Ele passava a faca pelo corpo do agora recém nascido, roubados aos pais assim que chegavam a nova vida. Passava-lhe a faca e o sangue começara a escorrer, era obcecado, fanático e um amedrontado da velhice então juntava o sangue dos bebés porque acreditava que ao beber sangue jovem o corpo renovava com células jovens e assim ele conseguia adiar a velhice por mais uns tempos.
A faca escorria sangue, uma pitada a escorrer-lhe pela boca e a criança? Era como uma galinha a quem se corta o pescoço para ser comida por todos nós. Um ato horrendo mas que lhe era prazeroso
Ele limpava a lâmina com um pano de linho gasto pelo tempo, era sempre o mesmo, já endurecido pelas camadas secas de sangue. Guardava-o dobrado com cuidado, como quem dobra um lenço de bolso antes de um jantar formal. Havia método. Havia gosto.
A criança ainda se contorcia quando ele inclinava o cálice de prata, colhendo as últimas gotas como um sommelier colhe o vinho mais raro. Cheirava o líquido, fechava os olhos, e murmurava uma prece inventada, uma ladainha que misturava um latim mal aprendido com palavras infantis.
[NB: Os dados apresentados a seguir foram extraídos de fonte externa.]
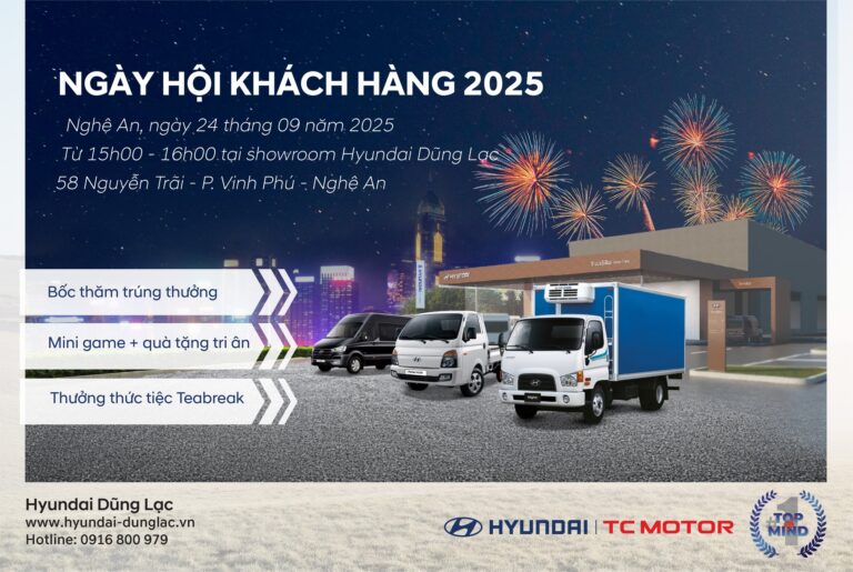 Hyundai Dũng Lạc đã tổ chức thành công sự kiện “Lái thử và trải nghiệm” các dòng xe tải N250SL, 110SP và EX8L tại TT Cẩm Xuyên – Hà Tĩnh

Era o seu ritual. O seu sacramento.
Depois, sentava-se nu diante do espelho. Bebia devagar, como se cada gole fosse um pacto renovado com a juventude. Observava o próprio corpo, procurando sinais de regressão: uma ruga a menos, um fio de cabelo mais escuro, uma veia menos saliente. Às vezes sorria. Outras vezes chorava. Mas nunca parava.
No porão, os berços vazios empilhavam-se como caixotes de feira. Cada um com uma etiqueta: nome, data, peso. Ele anotava tudo. Era meticuloso. Como um cientista. Como um artista.
E quando o silêncio da casa era absoluto, ele dançava. Dançava com os braços abertos, rodopiando entre os berços, como se celebrasse uma colheita farta. Os pés descalços deixavam pegadas vermelhas no chão de pedra. E ele ria. Ria alto. Ria como uma criança.
Quando ele, Yakov morreu o mundo não celebrou. Não houve manchetes, nem luto, nem justiça proclamada. Apenas um silêncio espesso, como se o próprio tempo tivesse prendido a respiração. O homem que roubava a juventude com lâminas e cálices caiu com um tiro seco, disparado por um caçador que o vigiava ao longe, e nesse dia seguiu o cheiro do sangue até ao porão. O corpo de Yakov ficou ali, nu, diante do espelho, com os olhos abertos e a boca ainda tingida de vermelho.
Mas a morte não foi o fim. Foi o início da purgação.
A casa, isolada entre bosques russos, era mais que madeira e pedra. Era um mausoléu de horrores. Cada parede guardava ecos de choros interrompidos, cada tábua do soalho rangia com memórias de passos pequenos que nunca voltaram. Os berços empilhados no porão, com etiquetas escritas à mão com o nome, a data, e o peso, eram como lápides sem túmulo. O pano de linho, endurecido pelas camadas de sangue seco, repousava dobrado com precisão obsessiva. O cálice de prata, ainda morno, refletia a luz como se recusasse apagar o último ritual.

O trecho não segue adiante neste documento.